Stored entries
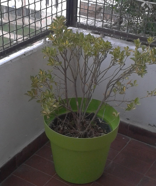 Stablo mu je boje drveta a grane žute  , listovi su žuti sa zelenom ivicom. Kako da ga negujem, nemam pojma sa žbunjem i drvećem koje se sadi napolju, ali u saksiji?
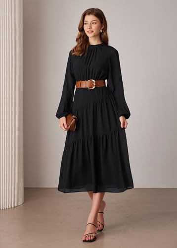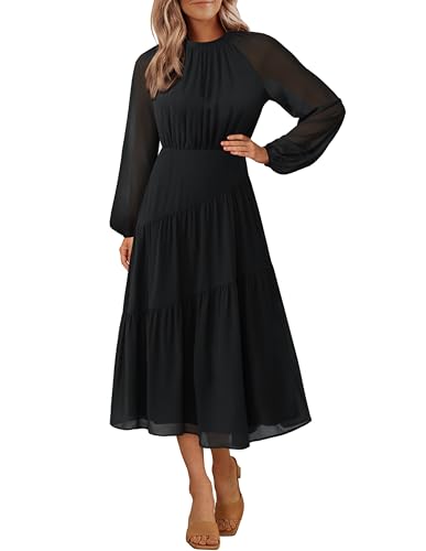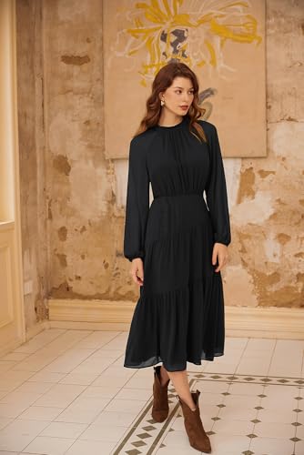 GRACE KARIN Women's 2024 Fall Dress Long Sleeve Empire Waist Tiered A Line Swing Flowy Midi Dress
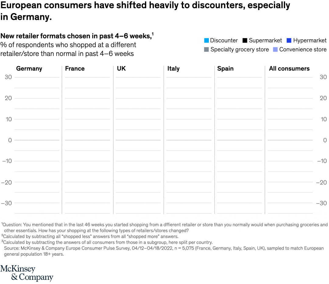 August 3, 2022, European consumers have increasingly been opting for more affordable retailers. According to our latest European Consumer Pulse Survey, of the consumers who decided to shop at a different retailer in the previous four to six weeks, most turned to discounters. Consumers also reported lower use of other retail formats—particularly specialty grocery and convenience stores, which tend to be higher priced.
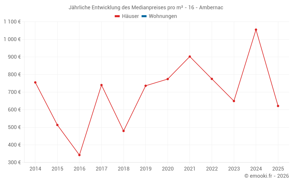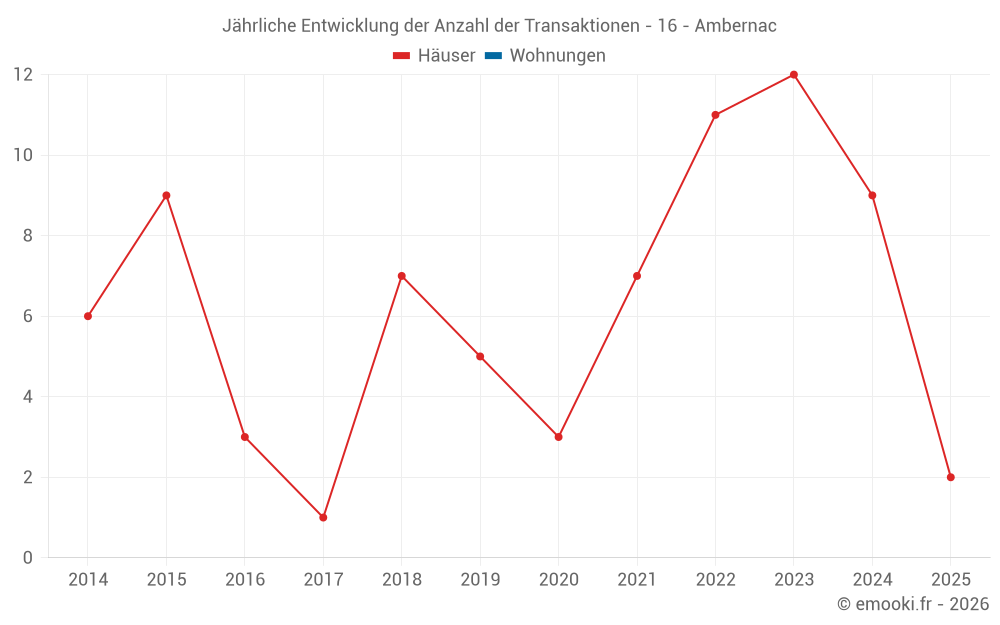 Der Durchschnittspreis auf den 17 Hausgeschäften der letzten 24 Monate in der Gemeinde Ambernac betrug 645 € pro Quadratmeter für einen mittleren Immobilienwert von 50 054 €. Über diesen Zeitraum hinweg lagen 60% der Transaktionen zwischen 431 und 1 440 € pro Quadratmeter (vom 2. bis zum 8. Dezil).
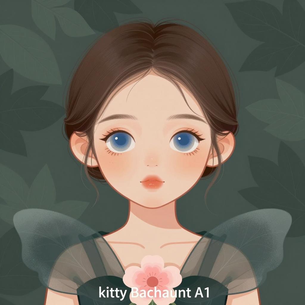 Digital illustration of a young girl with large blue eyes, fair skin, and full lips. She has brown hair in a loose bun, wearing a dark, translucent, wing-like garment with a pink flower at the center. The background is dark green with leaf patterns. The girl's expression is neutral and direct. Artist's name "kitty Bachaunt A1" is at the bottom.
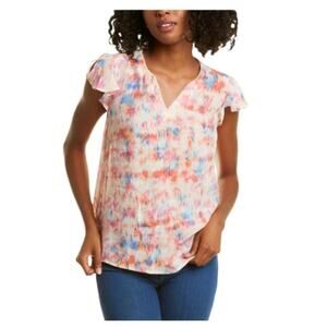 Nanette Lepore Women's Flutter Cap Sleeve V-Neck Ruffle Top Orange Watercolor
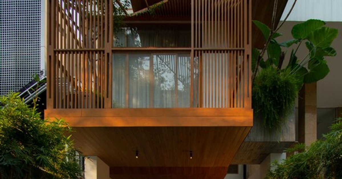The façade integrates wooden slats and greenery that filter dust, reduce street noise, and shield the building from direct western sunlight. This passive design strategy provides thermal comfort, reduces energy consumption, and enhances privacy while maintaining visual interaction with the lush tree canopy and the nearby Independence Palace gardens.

## [YOUR ASSIGNMENT]
In the records above, find the line that contains "Der Durchschnittspreis auf". Print it and every later line exactly, omitting the pictures.

## [TASK ANSWER]
 Der Durchschnittspreis auf den 17 Hausgeschäften der letzten 24 Monate in der Gemeinde Ambernac betrug 645 € pro Quadratmeter für einen mittleren Immobilienwert von 50 054 €. Über diesen Zeitraum hinweg lagen 60% der Transaktionen zwischen 431 und 1 440 € pro Quadratmeter (vom 2. bis zum 8. Dezil).
 Digital illustration of a young girl with large blue eyes, fair skin, and full lips. She has brown hair in a loose bun, wearing a dark, translucent, wing-like garment with a pink flower at the center. The background is dark green with leaf patterns. The girl's expression is neutral and direct. Artist's name "kitty Bachaunt A1" is at the bottom.
 Nanette Lepore Women's Flutter Cap Sleeve V-Neck Ruffle Top Orange Watercolor
The façade integrates wooden slats and greenery that filter dust, reduce street noise, and shield the building from direct western sunlight. This passive design strategy provides thermal comfort, reduces energy consumption, and enhances privacy while maintaining visual interaction with the lush tree canopy and the nearby Independence Palace gardens.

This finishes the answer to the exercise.